Looks Like Them Duke Boys Are Up To Their Old Tricks Again

Our man Ioz has been fighting the thankless fight, trumpeting for months now that the Democrats are not America's anti-war party. The actions of Democratic leadership before the Iraq civil war, during the Iraq civil war and now, in the failing days of the Iraq civil war, indicate nothing but a conflicted desire to distance themselves from the war's executors while embracing Middle Eastern war further.

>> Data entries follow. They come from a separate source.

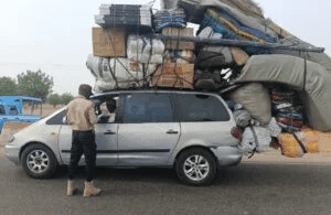 FRSC intercepts overloaded vehicle with passengers on piled goods
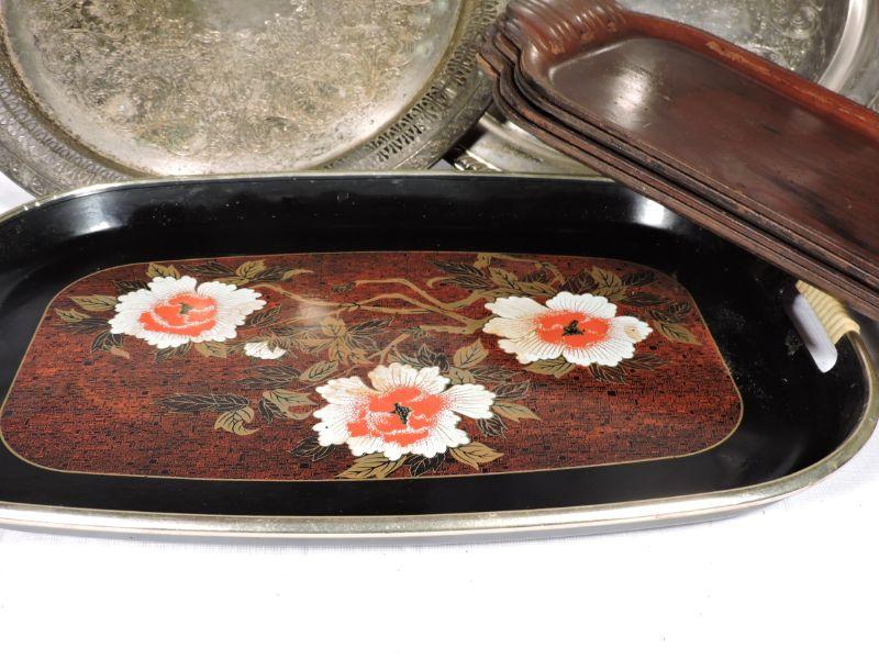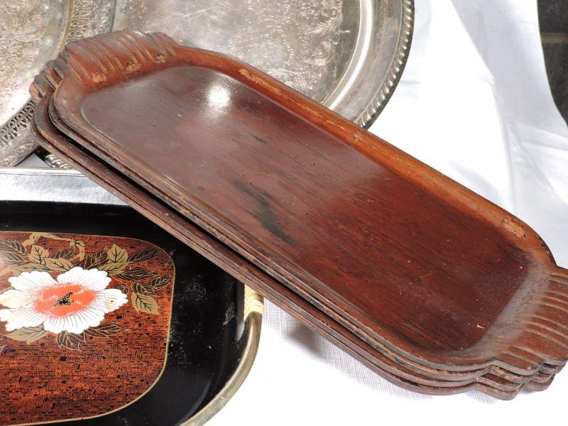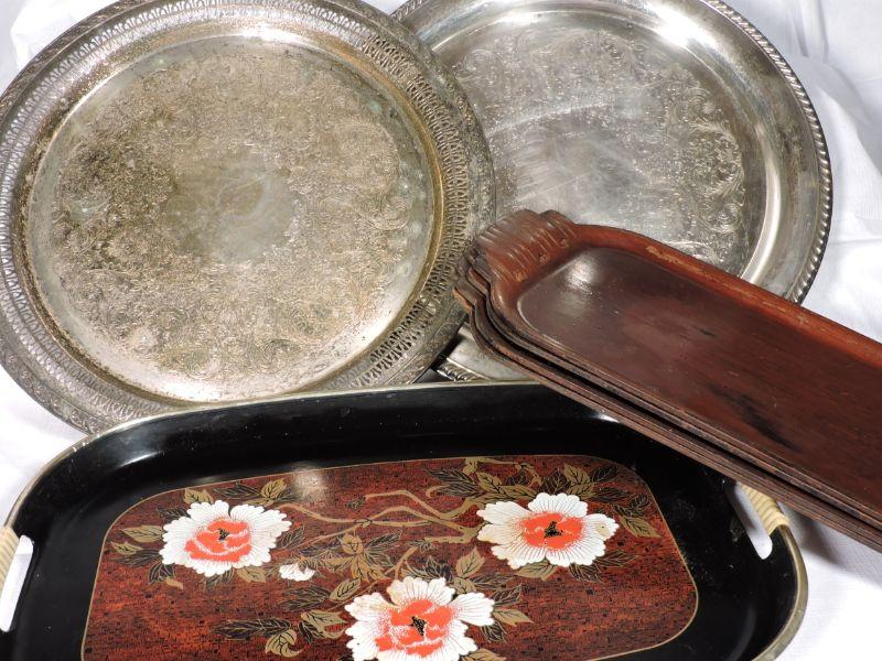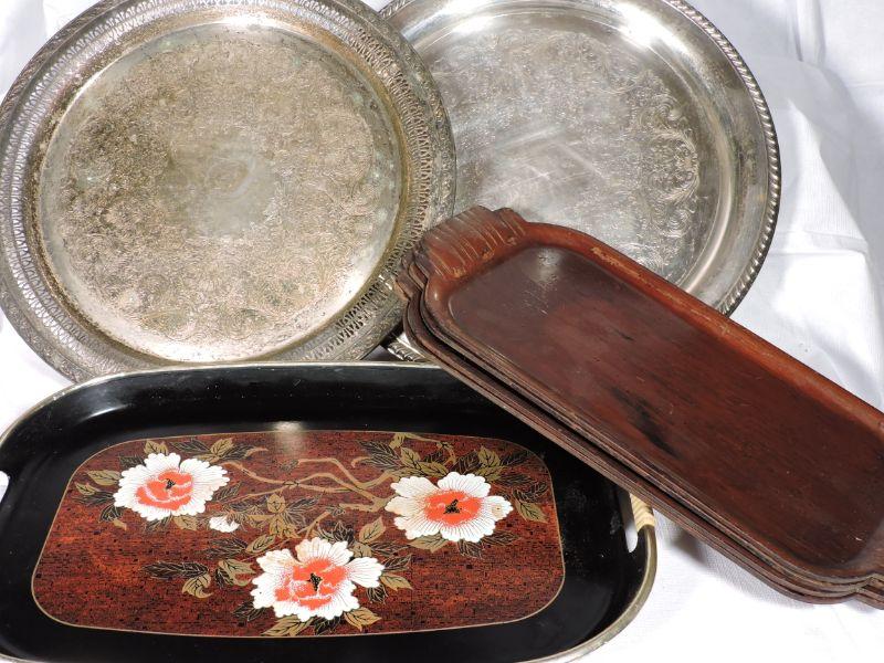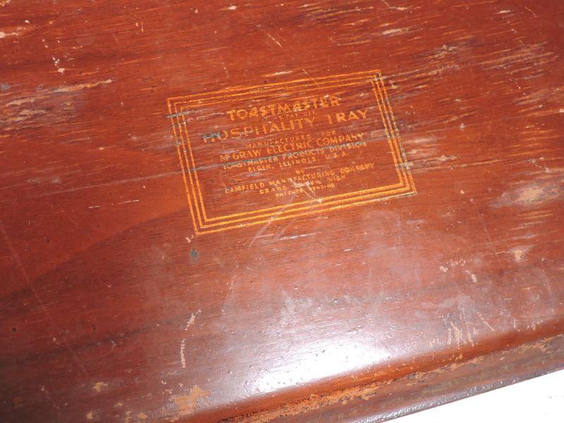 Silver plate, orient, and wooden Toastmaster Hospitality Trays. Please read Terms and Conditions before placing a bid. Pick up is Saturday, November 30 from 9am to 3 pm in Bridgeton, NJ. All sales are final. All sales are as is, where is. Please review all photos. Any props included in photos are not included in listing. All measurements are approximate.
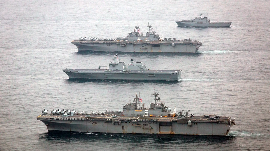 The ships are equipped with F-35 Lightning II fighter jets, missile systems, and equipment for amphibious operations.
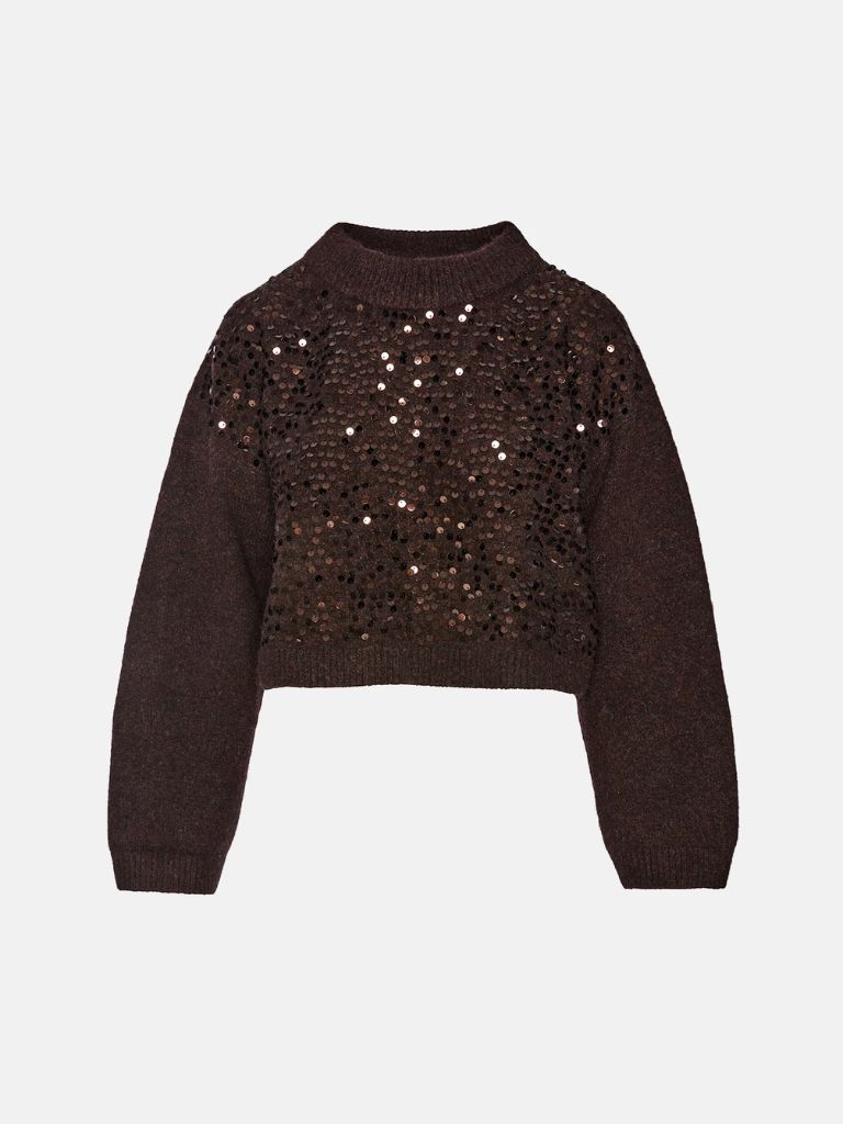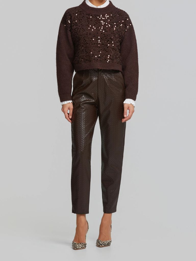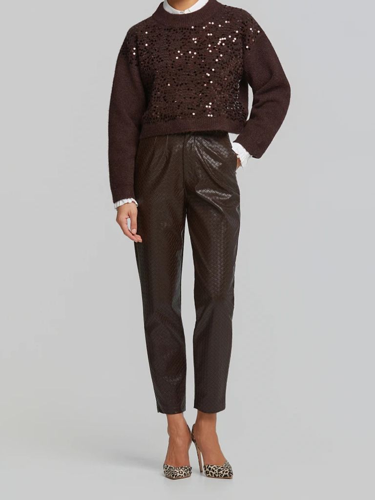 Κροπ πουλόβερ με παγιέτες σε άνετη γραμμή.
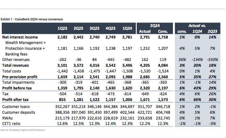 Morgan Stanley | CAIXABANK SA, OVERWEIGHT, 6 EUR, Alvaro serrano espera una reacción ligeramente positiva a unos resultados sólidos, de forma que la batida del 5% en Ppop unida a un mejor guidance permitan mantener el momentum de beneficios. Más en detalle, la batida en Ppop, ha venido impulsada por un NII un 1% mejor (flat q/q) y unas comisiones un 4% mejores, mientras que los costes, así como las provisiones totales se han mantenido bastante en línea. Destaca la mejora del guidance de crecimiento para el año a High-Single-Digits (vs Mid-Single-Digits previo y 8% de MSe) y esperan ahora un ROTE de >17% (vs 16% previo). En términos de distribución al accionista, el mgmt sigue apuntando a un objetivo de €12Bn para 2022-24E. El CET1 en 12.2% se ha mantenido en línea, incluyendo el reciente anuncio de buybacks por valor de €500M.
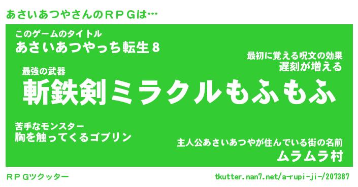 ヒーロー風カッコイイあだ名 | 『スーパーアサイアツヤ』『幻影騎士アサ』 |
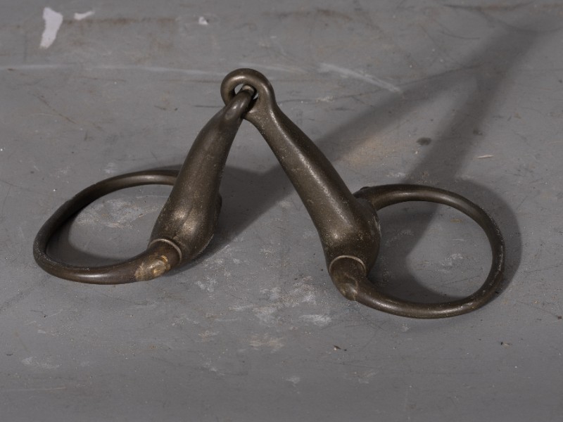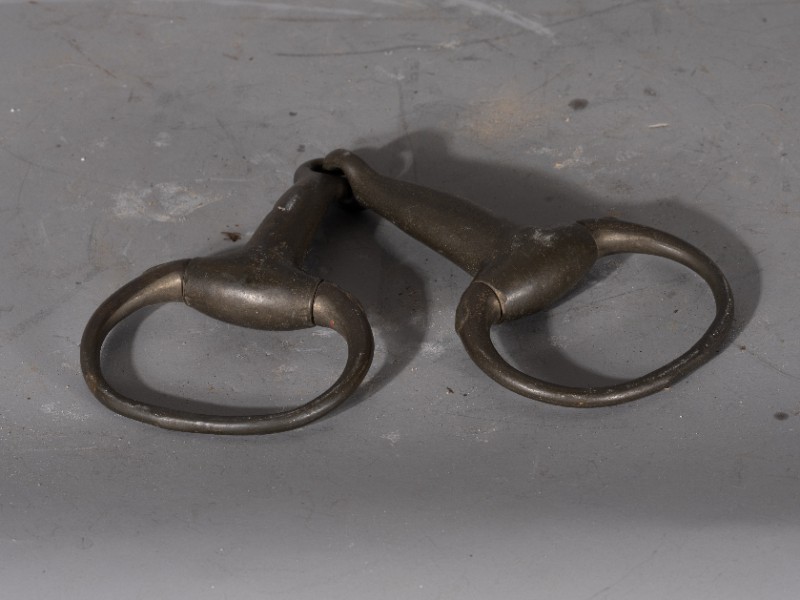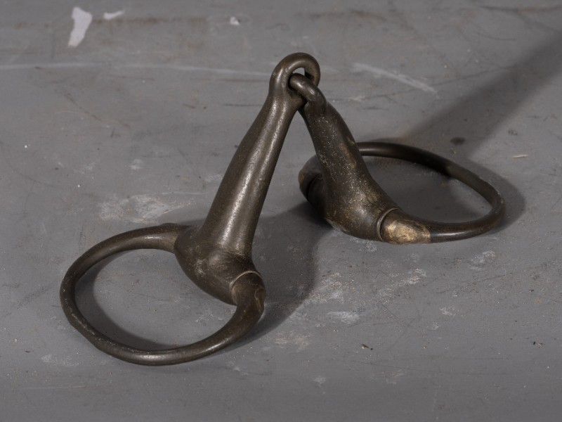 抗日战争时期,八路军骑兵团军官在桃力民地区使用过的军用马嚼子,材质为铁,器型完整。现存于桃力民抗日根据地史实陈列馆。
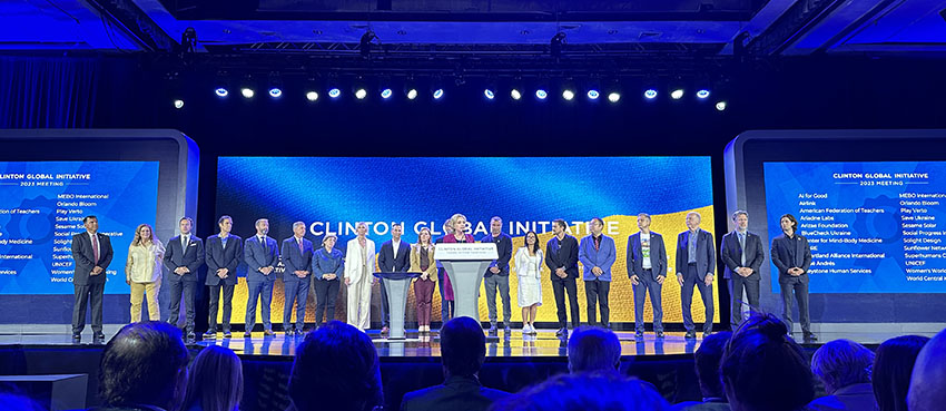 當?shù)貢r間2023年9月19日,美寶集團董事局主席徐鵬作為2022 CGI倡議“歐洲修復計劃”發(fā)起人應(yīng)邀登上克林頓基金會CGI大會主會場講臺,與希拉里·克林頓及其他倡議發(fā)起者包括Orlando Bloom 和 Liev Schreiber一起見證新的CGI國際救助行動網(wǎng)絡(luò)成立。
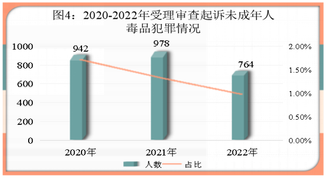 (4)未成年人毒品犯罪占比继续下降。2020年至2022年,检察机关受理审查起诉未成年人毒品犯罪人数分别为942人、978人、764人,分别占同期受理审查起诉未成年犯罪嫌疑人数的1.71%、1.32%、0.97%。
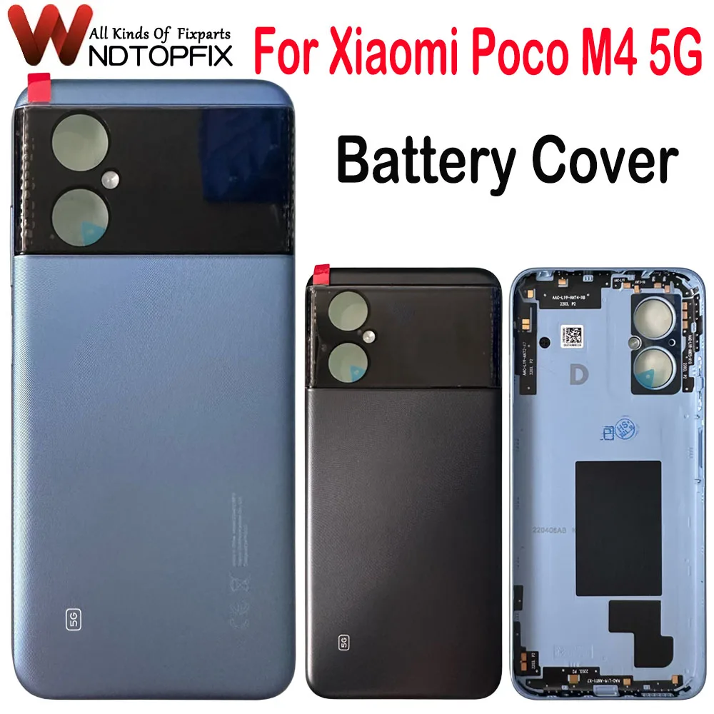Neue Für Xiaomi Poco M4 5G Batterie Abdeckung Zurück Glas Panel Hinten Gehäuse Fall Zurück Panel Für Poco M4 5G Batterie Abdeckung Mit Kleber

How can we say this? Because the Democrats want to go to war with Iran:
Iran's intransigence demands a firm response from the international community, not just the United States. Make no mistake: keeping the lid on nuclear proliferation, stopping terrorist attacks on U.N. member states, responding to President Mahmoud Ahmadinejad's apocalyptic threats to destroy Israel -- these are matters of collective security.
What nuclear proliferation? What terrorist attacks? And what plausible apocalyptic threats?

[We'd like] effective diplomacy backed by the credible threat of force, which the United States must supply as a substitute for what will otherwise be a perpetually on-the-brink-of-war conflict between Israel and Iran, alongside the possibility of growing rivalry between Tehran and Sunni Arab states.

The "credible threat of force" is the growing carrier group stationed in the Persian Gulf. The "effective diplomacy" is ... um ... well, what do you say to a regional power that's trying to meddle in the affairs of the same state that you're trying to meddle in?

America comes off looking like the podunk sheriff in this one, sweat glistening through his stubbled chin as he bellies up to your car window. If you jaunt through town with too big of a gun or too fast of a car, he'll do his best to rein you in patronizingly. "Whoa there, son - shootin' the bad'uns is our job. You just go home and lay that silly little head down." But if you keep giving him lip, he'll draw down on you and ask questions later. I swear, judge, I thought that wallet was a gun. I thought that water-filtration plant was a heavy-water uranium reactor. Me and my deputies and my posse and a few of my drinking buddies and the SWAT team just opened fire to defend ourselves in the line of duty.